Ernestine Nyrop (1888–1975) was a Danish textile artist and fresco painter who is remembered for decorating churches in Denmark and Sweden. In 1930, she published a series of traditional Danish sewing and weaving patterns in Danske Mønstre til Syning og Vævning I-II. From 1937 to 1959, Nyrop contributed actively to Dansk Paramenthandel, an organization devoted to ensuring high-quality standards for textile art in churches.

==Biography==
Born on 9 March 1888 in Copenhagen, Ernestine Nyrop was the daughter of the architect Martin Nyrop (1849–1921) and Louise Frederikke Laub (1851–1933).
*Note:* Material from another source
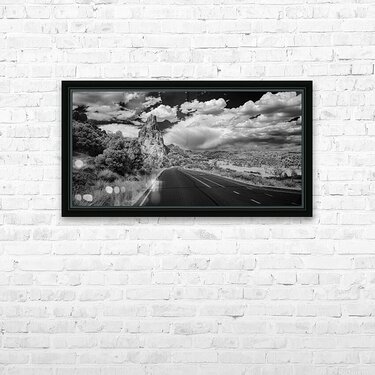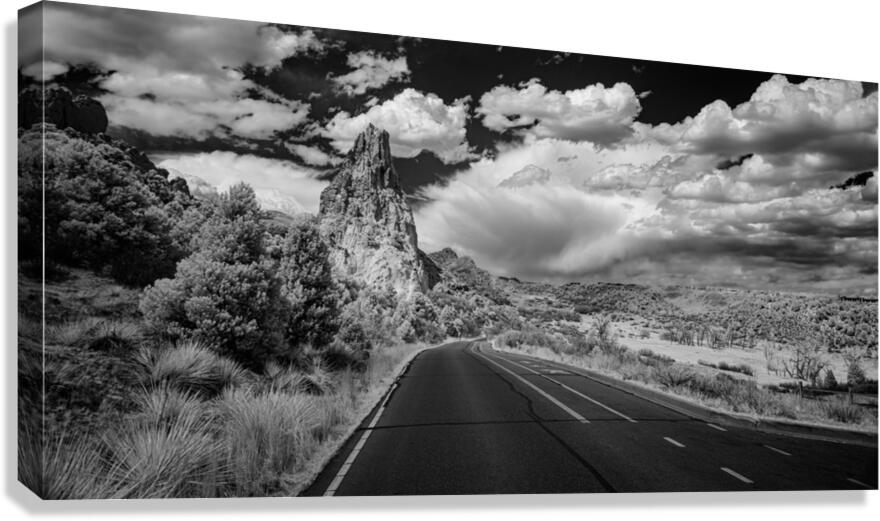 As I wandered through the enchanting landscapes of Garden of the Gods in Colorado Springs an unexpected spectacle unfolded before me. Cresting a small hill I was met with a captivating scene: a winding road leading toward the iconic rock peak that defines the majesty of the garden. The road gracefully turned to the right as it approached the towering formation. Capturing this scenic marvel in a black and white infrared image the photograph beckons viewers to embark on a visual journey titled Roadside Symphony at Garden of the Gods. The road serves as a metaphorical pathway guiding the eye toward the monumental rock peak that stands as the heart of this natural wonder. Adding a touch of drama to the composition a spring storm looms in the distance creating a dynamic contrast against the serene beauty of the garden. The play of light and shadows enhanced by the infrared treatment transforms the scene into a symphony of natures elements. Roadside Symphony at Garden of the Gods invites you to immerse yourself in the harmony of the landscape where the road becomes a narrative thread connecting the observer to the grandeur of the rock peak and the impending storm beyond. Join me on this visual odyssey through one of natures most captivating wonders.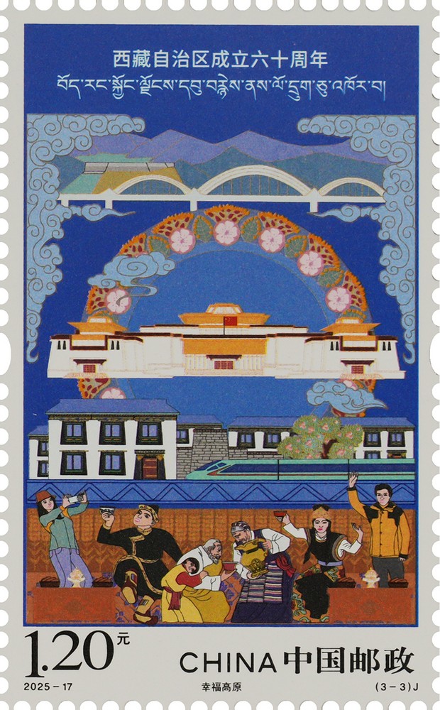 中國郵政定于2025年8月15日發(fā)行《西藏自治區(qū)成立六十周年》紀念郵票1套3枚,郵票圖案名稱為:同心筑夢、美麗雪域、幸福高原。全套郵票面值3.60元,計劃發(fā)行數(shù)量為490萬套。

She was brought up in a culturally conscious home with connections to the Grundtvigian folk high schools, including Askov and Vallekilde. She attended the Tegne- og Kunstindustriskolen for Kvinder (Drawing and Art Industrial School for Women), after which she took lessons under Bertha Dorph at the art school she ran with her husband. She graduated in 1915 from the Royal Danish Academy of Fine Arts, where she had specialized in decorative arts under the fresco painter Joakim Skovgaard.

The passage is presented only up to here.